Average accuracy for K=1 after 100 tests with different data split: 88.56128075154439 % 
Average accuracy for K=3 after 100 tests with different data split: 85.01466511662318 %    
Average accuracy for K=5 after 100 tests with different data split: 83.32096281613967 %    
Average accuracy for K=7 after 100 tests with different data split: 83.09434478900455 %   
Average accuracy for K=9 after 100 tests with different data split: 82.05628926919964 %  
Average accuracy for K=11 after 100 tests with different data split: 79.89732262550343 %   
Average accuracy for K=13 after 100 tests with different data split: 79.60617886853211 %    
Average accuracy for K=15 after 100 tests with different data split: 79.26511126374507 %    
Average accuracy for K=17 after 100 tests with different data split: 77.51457877706329 %   
Average accuracy for K=19 after 100 tests with different data split: 76.97848441605367 %    
Average accuracy for K=21 after 100 tests with different data split: 75.70005919265326 %    
Average accuracy for K=23 after 100 tests with different data split: 76.45758217099551 %   
Average accuracy for K=25 after 100 tests with different data split: 76.16619492431572 %

My algorithms in code does not have logic errors and I checked it on simple data.


Why accuracy rate of kNN classification decreases so much after feature normalization?

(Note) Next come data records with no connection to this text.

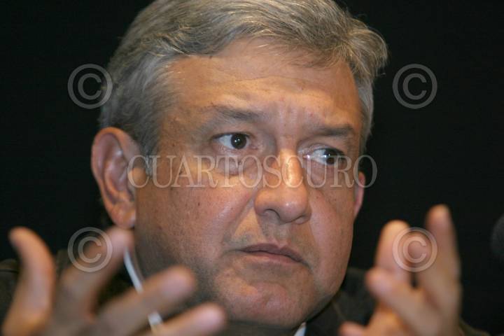 MEXICO, D.F. 04DICIEMBRE2004.- Andrés Manuel López Obrador, jefe de gobierno del la ciudad de México, durante el anuncio de la creación de redes ciudadanas a favor del jefe de gobierno. FOTO: Nelly Salas/CUARTOSCURO.COM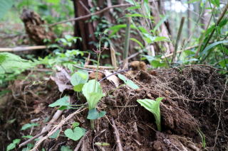 | ③ 林道コースから長倉山(370m) 2025年07月20日のお山めぐりは古賀志山塊の一峰「長倉山」です。 そろそろイワタバコ・レンゲショウマが開花する時期、今日はその様子見に歩いてみることにしました。 いつもの赤川ダム下駐車場はけっこう埋まっている日曜日、沢沿いに林道コースから長倉山です。 長倉林道入口 長倉山の山頂 ![]() 細野峠に下って赤川上部沿いにイワタバコ生育地を2箇所ばかり覗いてみました。小規模な一か所目は生育不良で花芽も少な目でした。けっこう大面積の2箇所目は標高が高いにも関わらず4輪ほど開花していました。 ヤマユリと540m峰 2箇所目のイワタバコ ![]() おあとは赤川右岸の舗装路を下り、細野ダム右岸から同ダム脇を通過、北登山道に出て左折、しばやま橋を渡ってBBQ場脇を通過し駐車場には12時18分の到着でした。 所要時間は2時間34分、お花探索のピークハントでした。 参考 国土地理院電子地形図「大谷」 お花はイワタバコのほか、咲き始めから満開のニガクサ、ヒヨドリバナ、ヤマユリ、ノギラン、オオバギボウシ、ヤマミツバ、アカツメクサ、イヌザンショウ、終末期のムラサキニガナ、クサアジサイ、キツリフネ、ヤブカンゾウを見ました。 過去レポ2024年はこちらを☚ 2023年はこちらを☚ クリックしてください。 |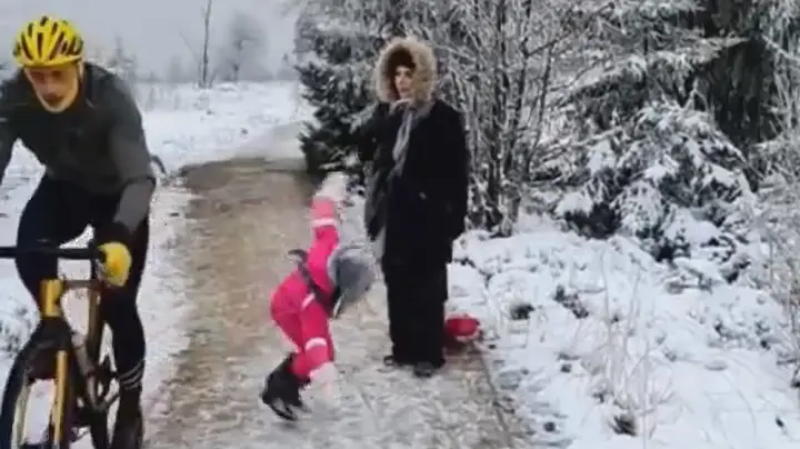 The video shows the young girl walking with her mother on a snow-covered path as the man approaches from behind.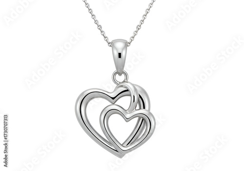 Elegant sterling silver double heart pendant necklace symbolizing enduring love and romance sparkling with refined detail. isolated on transparent background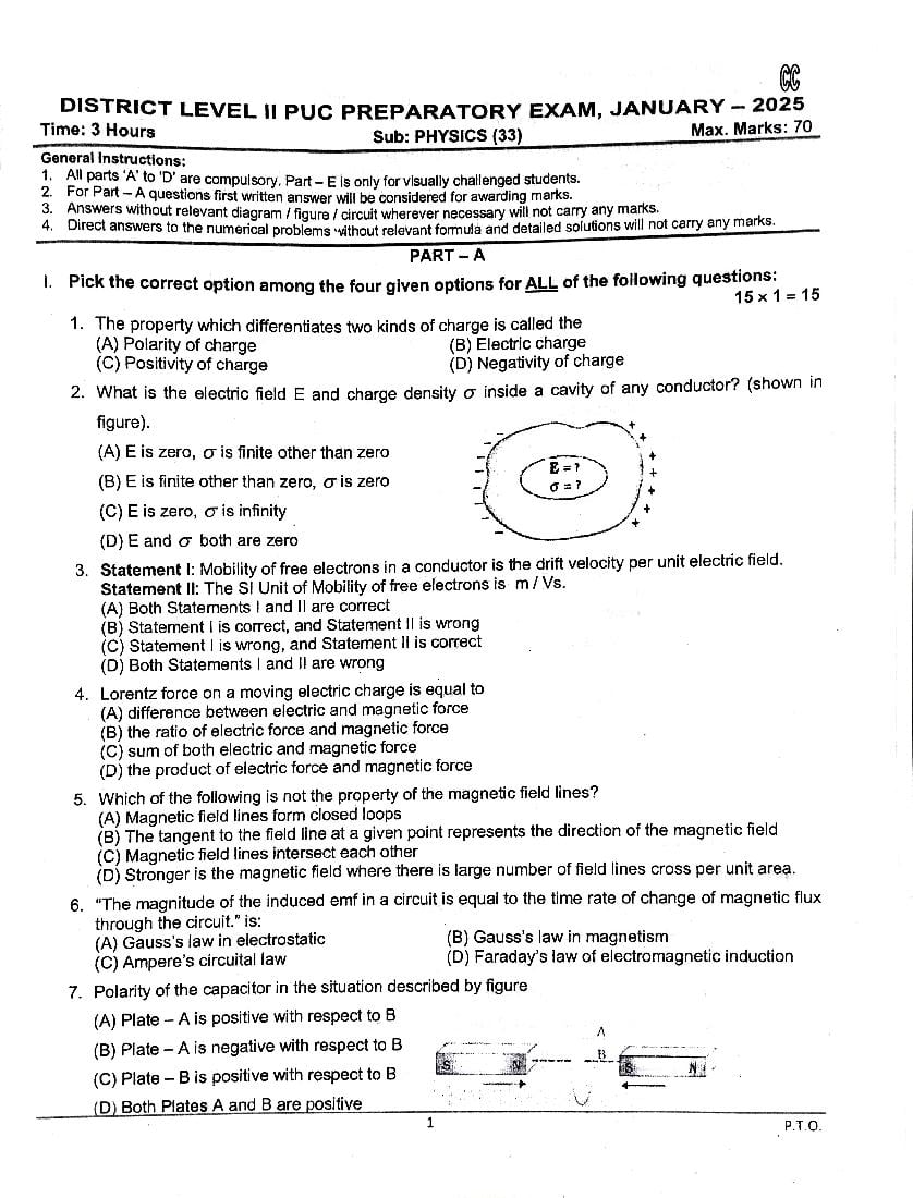 | Study Material Here | Karnataka Board Question Paper of 2nd PUC Physics Preparatory Exam 2025 |

I guess normalization itself is not supposed to deteriorate accuracy rate of any classification. What is the purpose of using feature normalization then?

2

2 Answers

3
votes

It is a general misconception that normalization will never reduce classification accuracy. It very well can.

HOW ?

Relative values in a row are also very important. They do determine as a matter of fact, the placement of points in the feature space. When you carry out normalization, it can severely offset that relative placement. This is felt, especially in k-NN classification, because it directly operates with respect to distance between points. Compared to that, its effect is not felt so strongly in SVM, because in that case, the optimization process can still be able to find a reasonably accurate hyperplane.

You should also note that here, you normalize using avg(X). Thus, consider two points in adjacent columns of a particular row. If the first point falls well below average, and the second point falls well above average of their respective columns, while in an unnormalized sense, they are very close numerical values, distance calculation can differ hugely.

Never expect normalization to do wonders.

2
votes

KNN works in a way that it finds the instances similar to it. As it calculates the Euclidean Distance between two points. Now by normalization you are changing the scale of features which changed your accuracy.

Look at this research. Go to figures you will find different scaling techniques giving different accuracies.